**Goal of the exercise:**
Starting at the line that contains "骆驼(Camel)登山杖 4节T柄伸缩 2SA7D42-1", reproduce every line through the end of the entries below, with no pictures in the copy.

**Records for the task:**

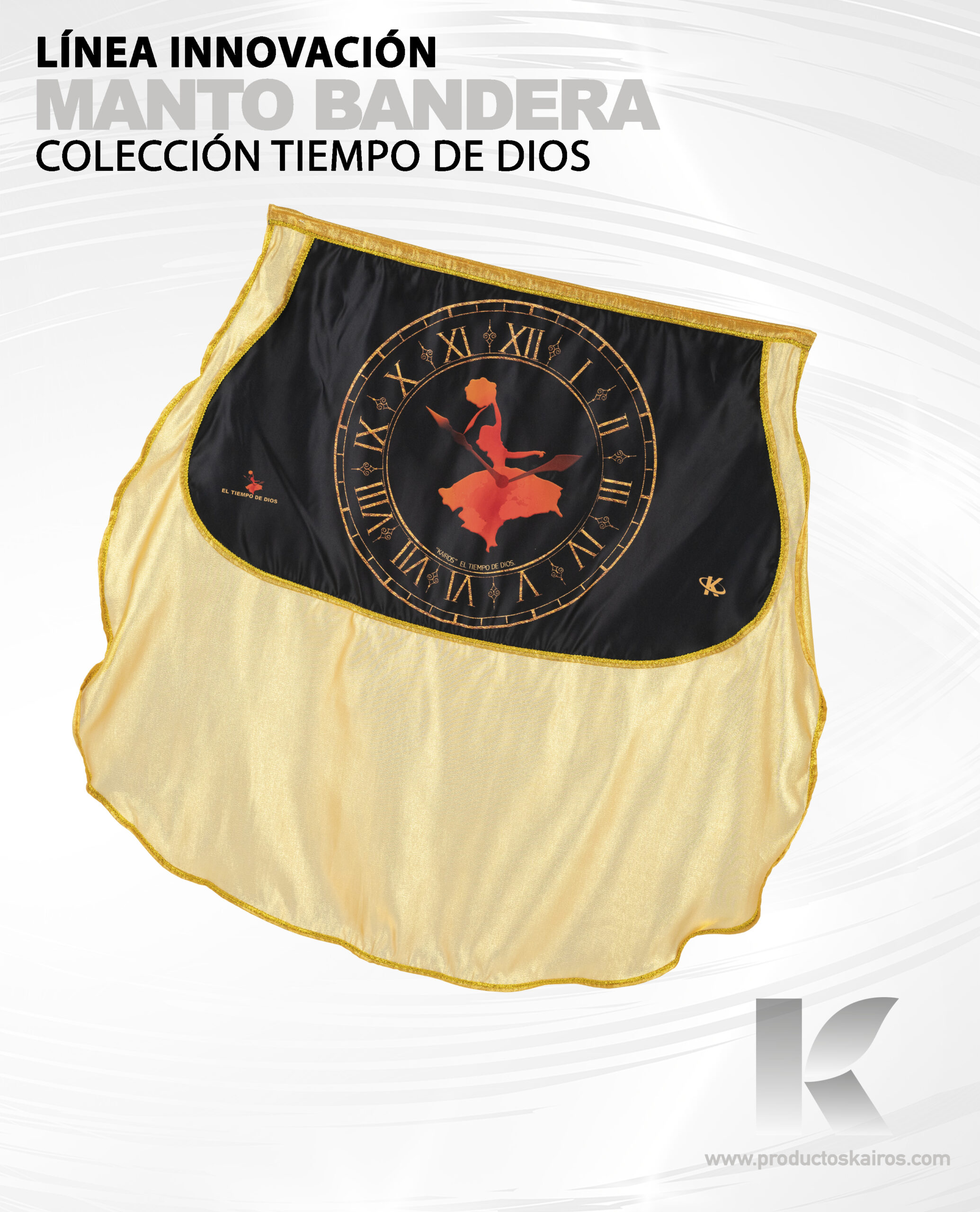 Línea Innovación – Manto bandera Tiempo de Dios. Viene con una asta de madera interna para poder manipularla más fácilmente.
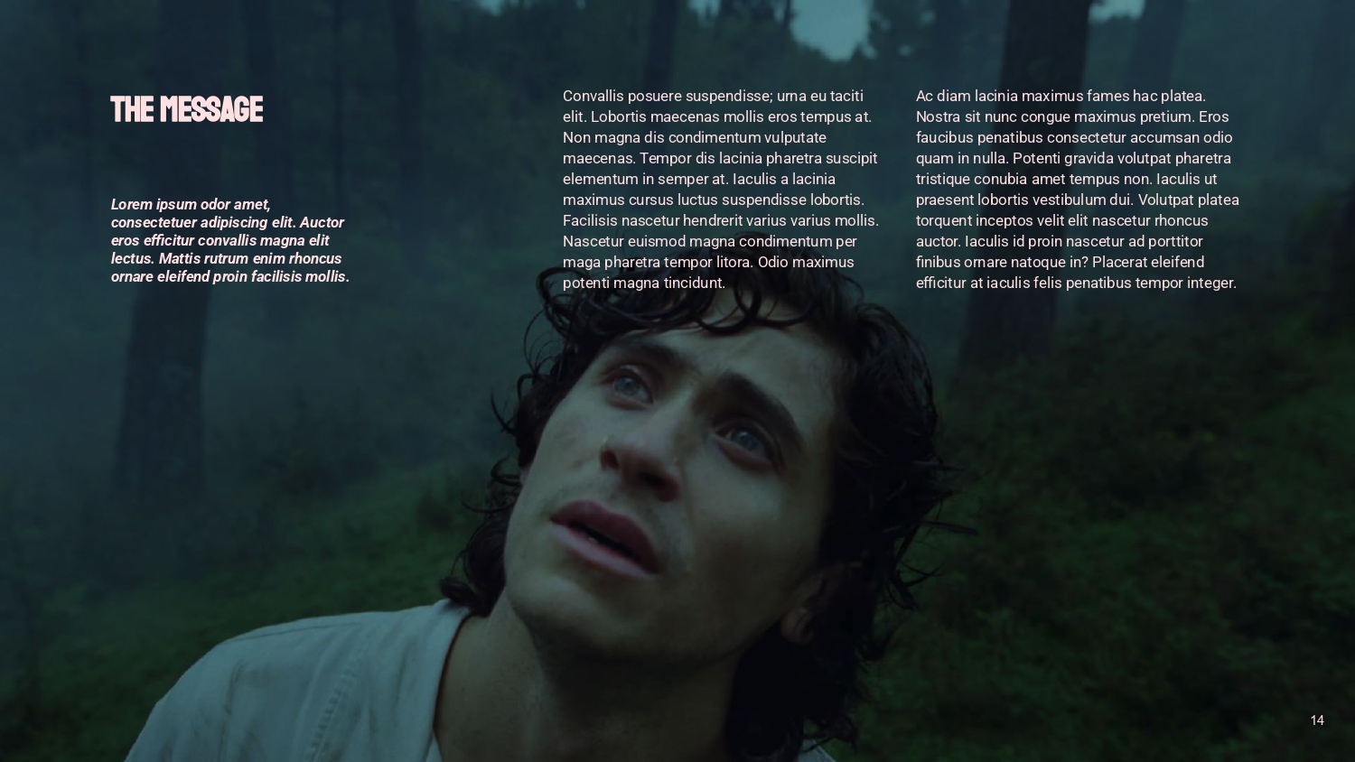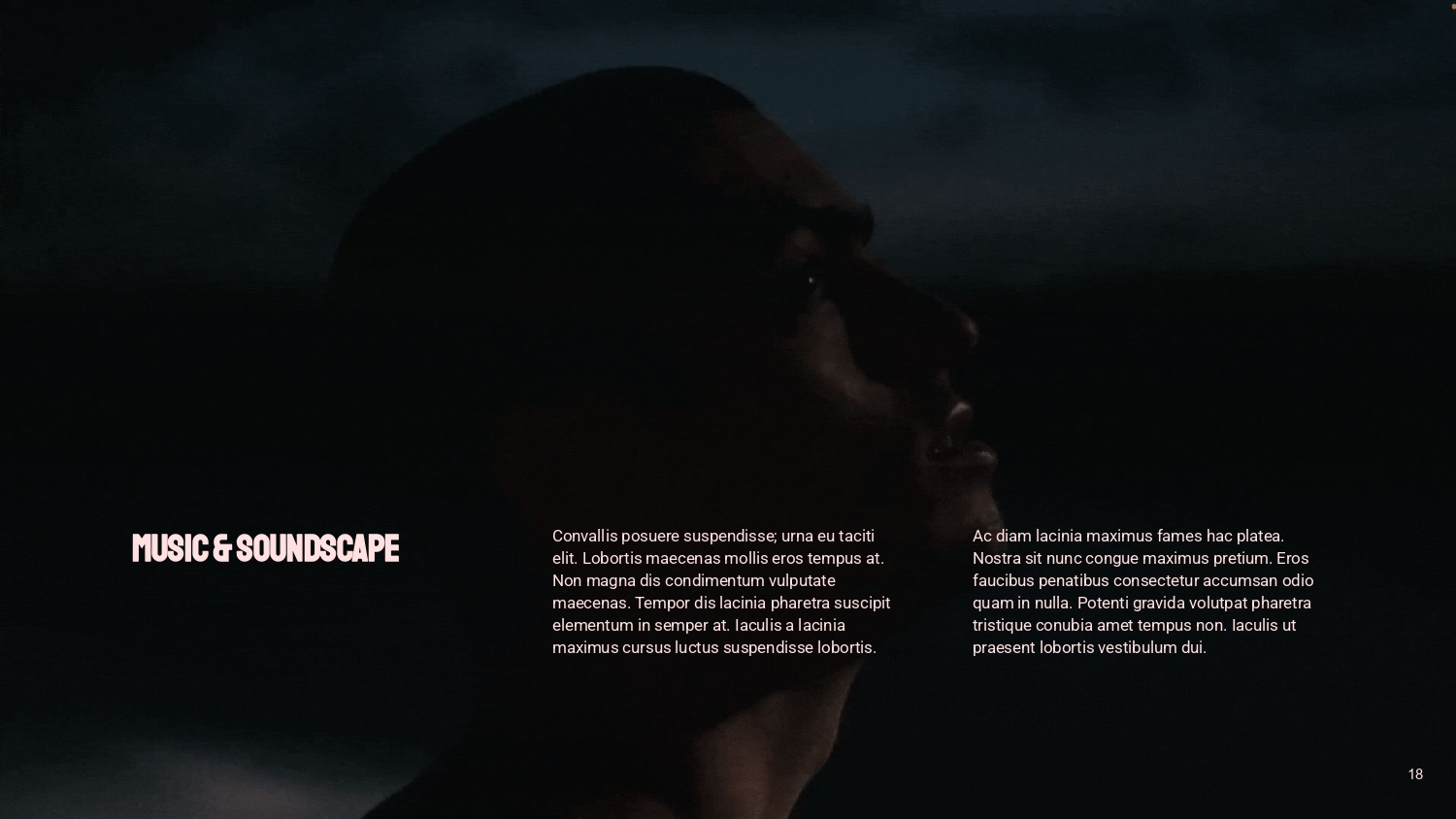 Keynote + Google Slides template (with GIF support in Google Slides) for creating visually rich, cinematic treatments.
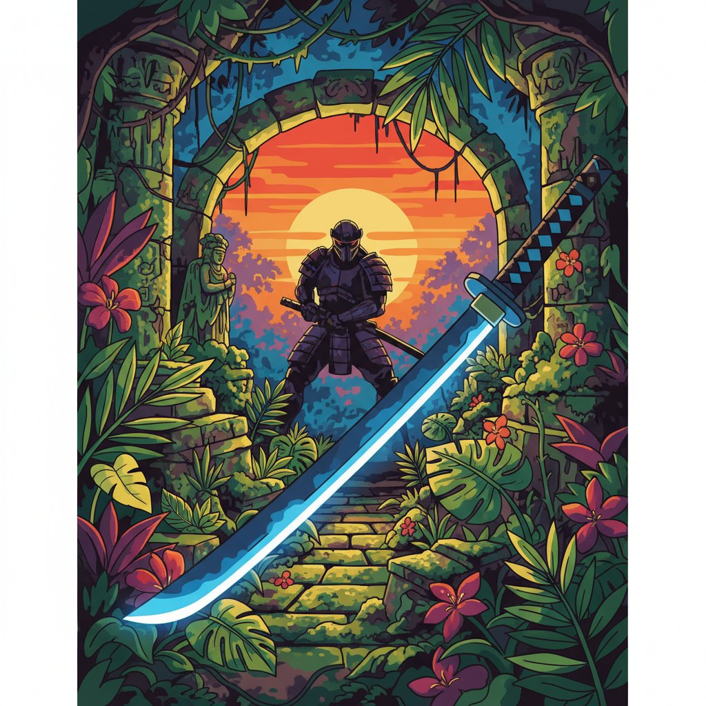 Transform your creative space with this captivating Blade Through Tropical Ruins Paint By Numbers design. This adventure-themed artwork combines lush tropical elements with mysterious overgrown ruins, creating a masterpiece that celebrates golden era comics aesthetics.
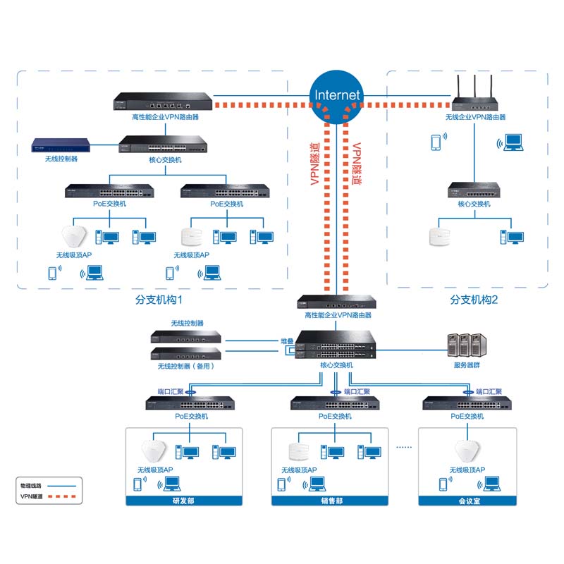 采用無線VPN路由器系列,配合無線AP,實現(xiàn)有線無線全部署。
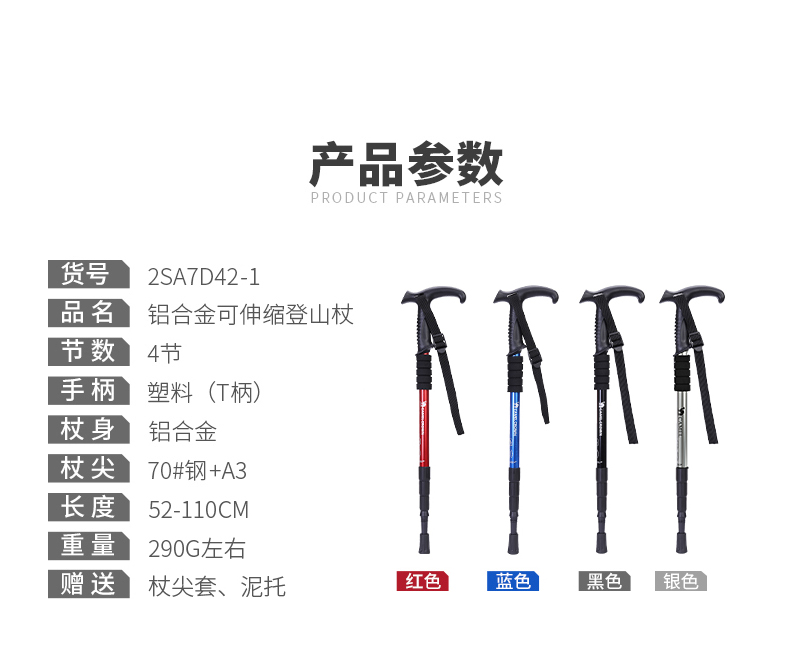 骆驼(Camel)登山杖 4节T柄伸缩 2SA7D42-1
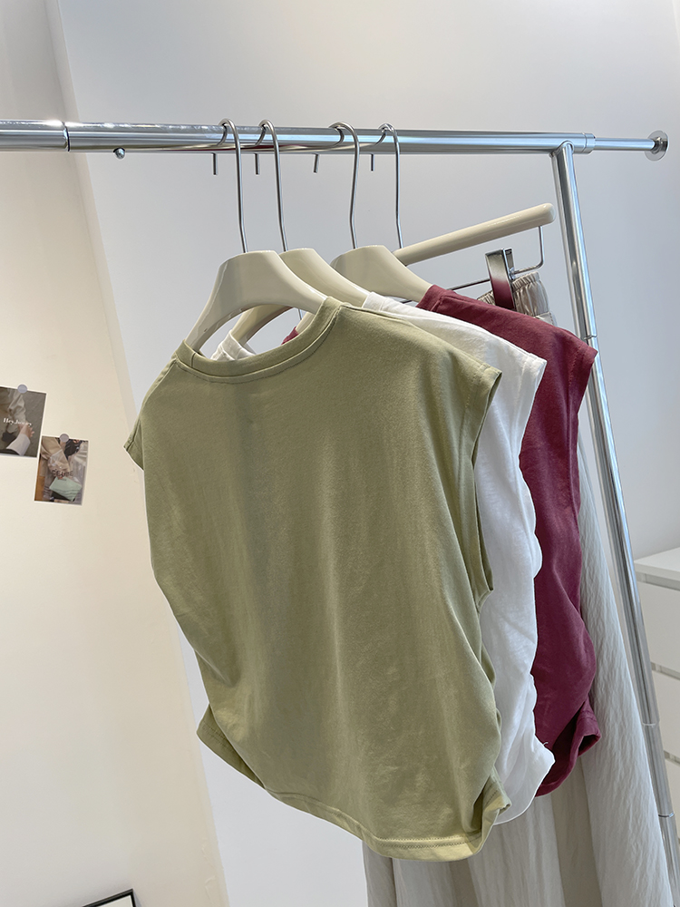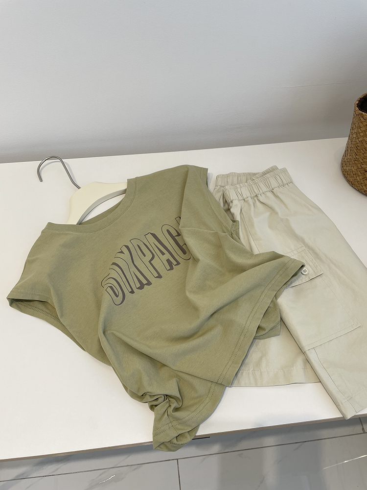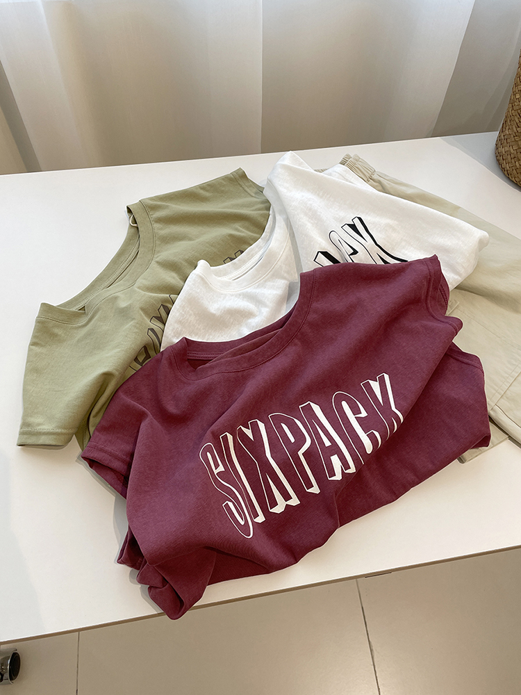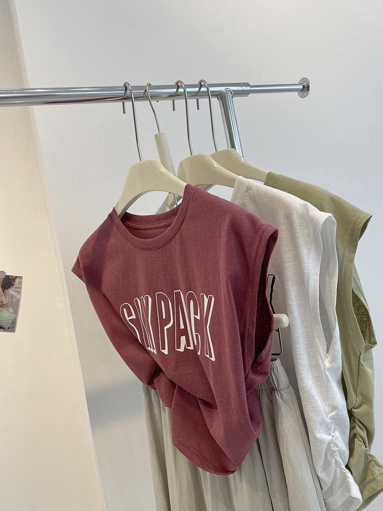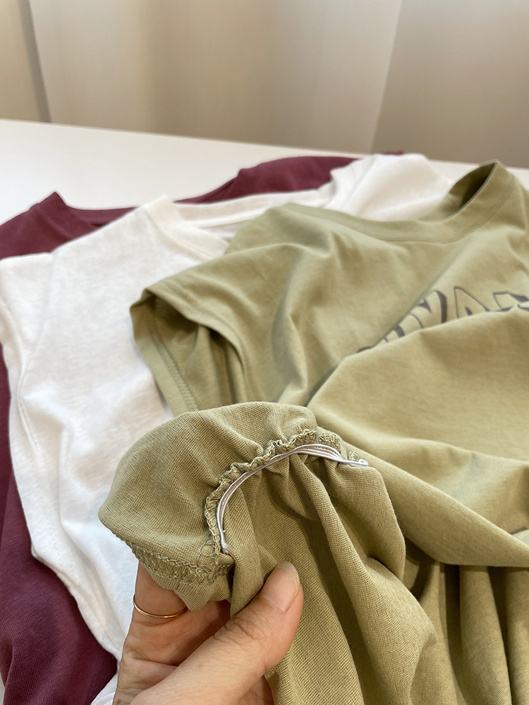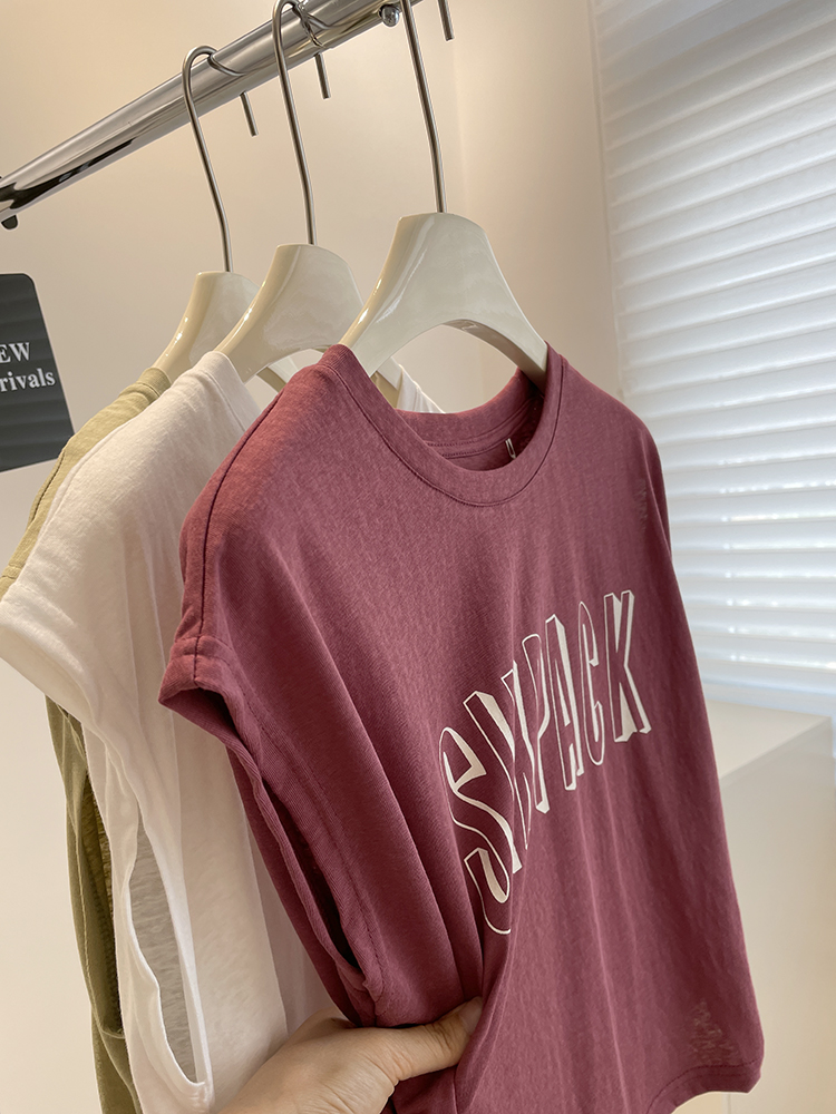 고품질 눈송이 무늬 면 소재 레트로 레터 프린트 주름 장식 숏 베스트 여성용 여름 슬림핏 활용도 높은 탑

**Result of the task:**
 骆驼(Camel)登山杖 4节T柄伸缩 2SA7D42-1
 고품질 눈송이 무늬 면 소재 레트로 레터 프린트 주름 장식 숏 베스트 여성용 여름 슬림핏 활용도 높은 탑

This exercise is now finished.